Le rôle des neurones générés à l’âge adulte dans l’apprentissage associatif a déjà été mis en évidence dans de précédentes études [Alonso et al. (2012); Arruda-Carvalho et al. (2014)] : leur activation entraine une facilitation de l’apprentissage associatif, et leur ablation suite à cet apprentissage dégrade le souvenir de l’association odeur-récompense. Cependant, dans ces expériences, les animaux apprennent à associer des valeurs à des odeurs qui leur étaient jusqu’alors inconnues : les néo-neurones pourraient donc tout aussi bien être impliqués dans le codage de l’identité des odeurs que dans celui de leur valeur.

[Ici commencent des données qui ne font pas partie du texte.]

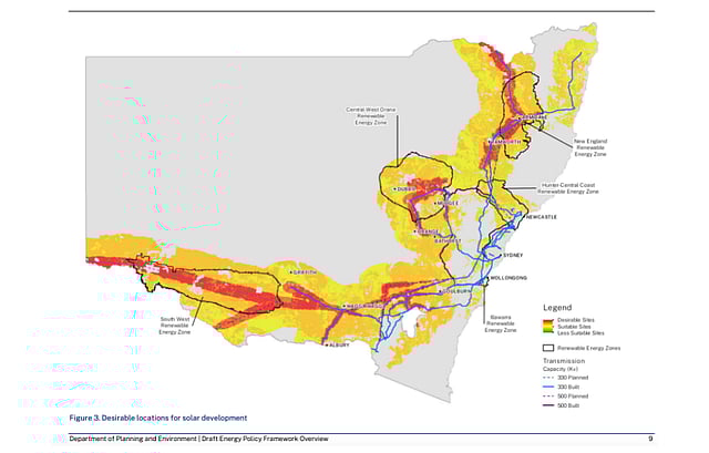 The share of desirable and suitable sites for large-scale solar PV power plants heavily overshadows wind energy in the draft energy guidelines issued by New South Wales (NSW), Australia that are aimed at accelerating their development.
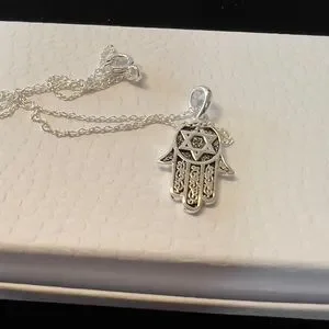 Good quality. New. Hamsa. Necklace. Chain size 16” & 18”.

Dans la première étude menée pendant cette thèse, j’ai pu démontrer l’implication spécifique des néo-neurones formés à l’âge adulte dans le codage de la valeur des odeurs lors de l’apprentissage associatif. En effet, si une odeur a été préalablement associée à une récompense, elle entraine chez les animaux une activation des néo-neurones adultes plus importante que dans le cas où aucune valeur n’est associée à cette odeur. De plus, la stimulation de ces néo-neurones accélère l’apprentissage uniquement si elle est concomi-tante avec la présentation de l’odeur récompensée, y compris dans le cas d’une tâche de réversion où l’identité des odeurs est déjà connue. L’activation des néo-neurones formés à l’âge adulte permet donc de faciliter l’association entre odeur et récompense lors de l’apprentissage, qui est ainsi beaucoup plus flexible.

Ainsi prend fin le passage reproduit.